紙幣に汚れなどが残っていることで、価値は上がっていくこともあります。
また、下手にクリーニングを行なうことで、紙幣の状態を悪くしてしまう可能性もあります。
そのため、紙幣を買取店に出すときには、クリーニングせずにそのまま査定してもらうようにしましょう。
鑑定書も査定時に持ち込む
鑑定書とは、専門家の鑑定によって出た結果を記したものです。
あらかじめ査定士に鑑定されていることを証明できていれば、高値で買い取ってもらいやすくなります。
鑑定書をお持ちの方は、買取査定を希望する紙幣と一緒に買取店へ持参しましょう。
おわりに
B号券の聖徳太子、C号券の伊藤博文、D号券の夏目漱石を絵柄とした旧千円札は、そのまま使用可能です。
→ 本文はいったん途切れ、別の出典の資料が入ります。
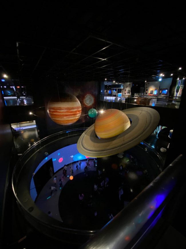抬頭望見懸掛在空中的巨大土星、木星與其他行星模型, 彷彿自己真的站在銀河系的邊緣,靜靜地仰望著宇宙的深處。
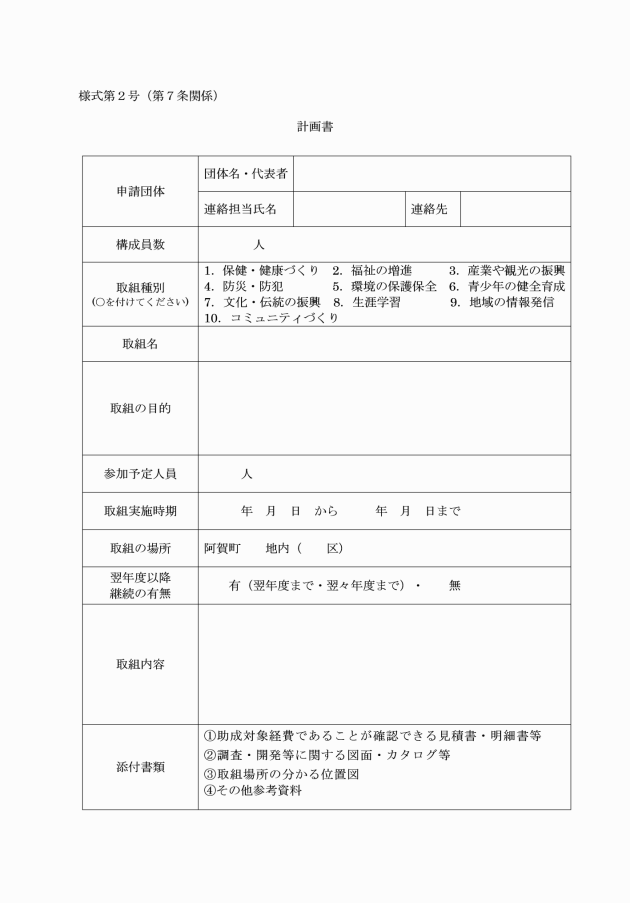 第7条 助成金の交付を受けようとする団体(以下「申請団体」という。)は、あらかじめ次に掲げる書類を添えて、町長に提出しなければならない。
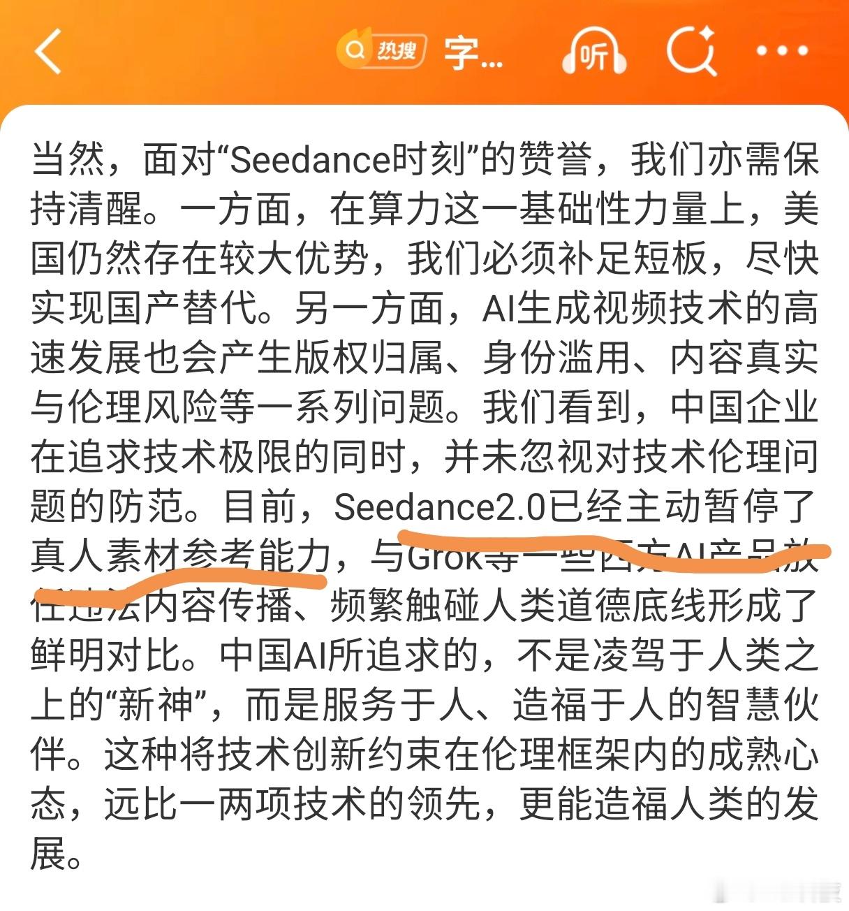 AI想要迸发生产力,我个人认为是应该尽量开放真人素材参考能力,只是要加强下管控即可,比如用真人生产视频素材可以先人脸识别认证授权一下……从Deepseek到Seedance中国AI成了
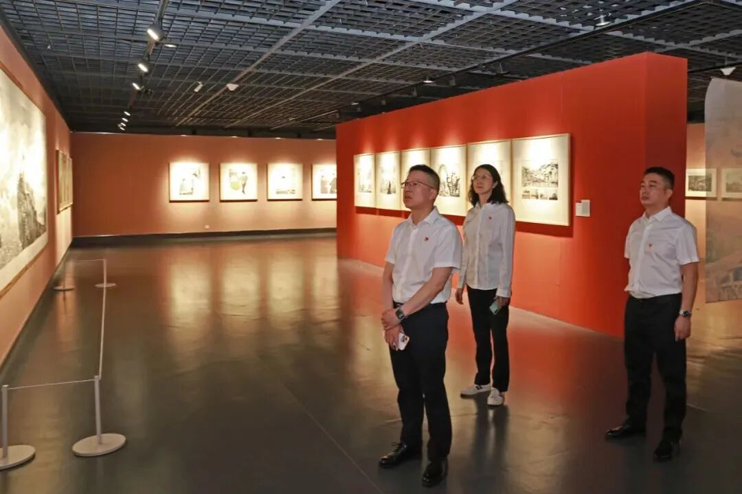 党员依次参观艺术展各个展厅,时而细细欣赏,时而小声讨论。陈列的作品包括中国画、油画、版画等艺术形式,从经济建设、交通强省、政务服务、生态环境、社会文化等多个维度表达了浙江的“八个方面优势”,以及浙江深入推进 “八个方面举措”的生动实践。通过作品能够深刻感受到浙江省在“八八战略”指引下,一张蓝图绘到底,一任接着一任干,努力做到“干在实处、走在前列、勇立潮头”的精神风貌。
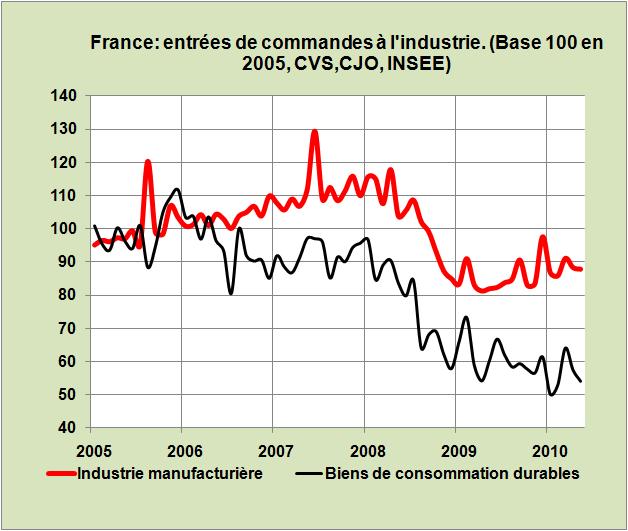 Mauvaises nouvelles pour l’activité à venir des industries françaises, les entrées de commandes à l’industrie manufacturière au mois de Mai, ont baissé de 1,2% par rapport à celles du mois précédent (FIG., courbe rouge). Ces entrées de commandes subissent la lente mais inexorable dégradation des entrées de commandes des biens de consommation durables qui sont les biens destinés à la consommation finale des ménages pour une durée supérieure à un an (FIG., courbe noire). Cette dégradation a trois origines:
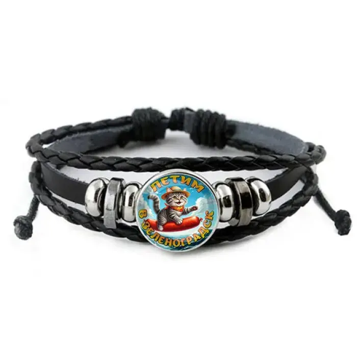 Кожаный браслет с изображением под стеклянной линзой.
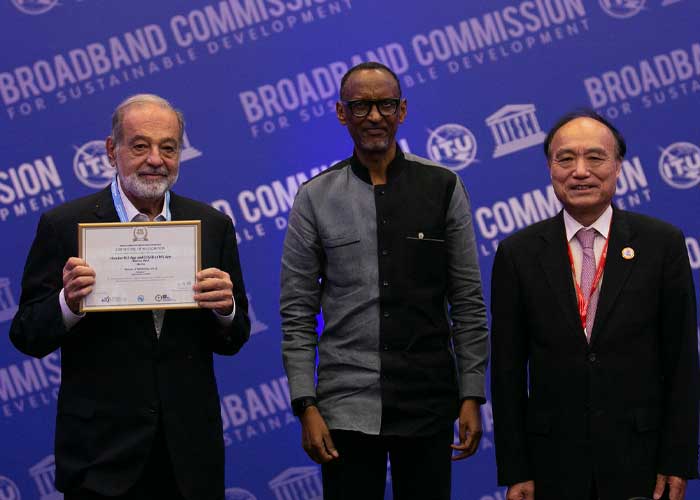 El Ing. Carlos Slim Helú recibió el premio por parte del Secretario General de la UIT, Houlin Zhao, durante su participación como Copresidente de la Comisión de Banda Ancha de la Unión, ante el pleno de los comisionados y el presidente de Ruanda, Paul Kagame; quienes llevan a cabo en Kigali la reunión anual de primavera del organismo, bajo el título «Impulsar la transformación digital inclusiva».
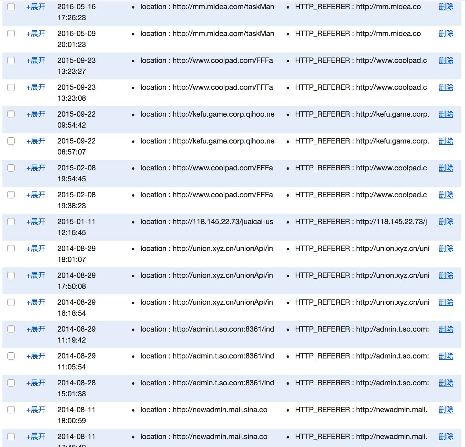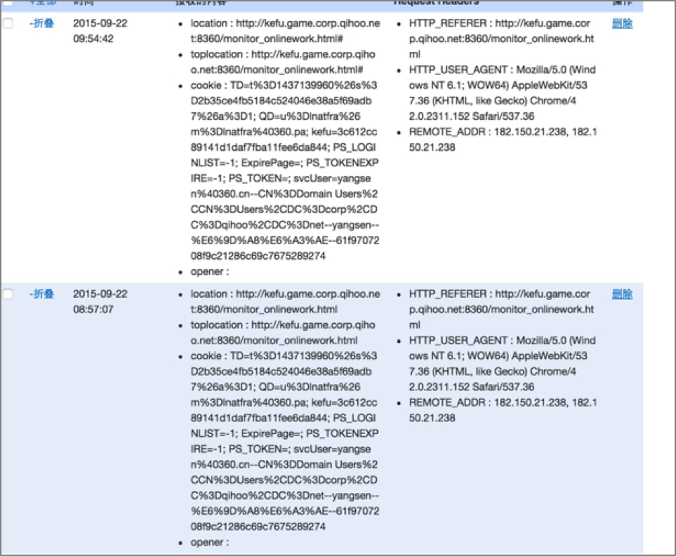 这是我XSS盲打平台项目的其中一页结果截图,这里的每一项都包含对应网址访问用户的Cookie,而Cookie则可以用来直接登录对应的地址;在图里包含了360 soso、360游戏客服、新浪邮箱等几个网站的后台的Cookie,不过可惜的是,由于这些平台进行了访问限制,所以外网无法访问,也无法登录。
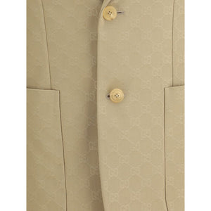 Gucci’s GG jacquard blazer is an elegant and distinctive piece made of jacquard fabric with the iconic GG pattern. Fully lined, it features a single-breasted button closure, notch lapels, a chest pocket and two front pockets. A perfect balance of sartorial tradition and contemporary style.

また、大量に発行されていますので、千円以上の価値を見込むのは難しい旧千円となります。
しかし、そのなかでも、通し番号が珍しい「珍番号」の旧千円札やエラープリントになっている旧千円札は、価値を上げることが可能です。
美品で未使用ならば、さらに価値が上がるかもしれません。
使わずに保管中の旧千円札をお持ちでしたら、番号や絵柄などを隅々まで確認してみるのも良いかもしれません。
そうすることで、これまで見向きもしなかった旧紙幣に思わぬ価値がつく可能性もあるのではないでしょうか。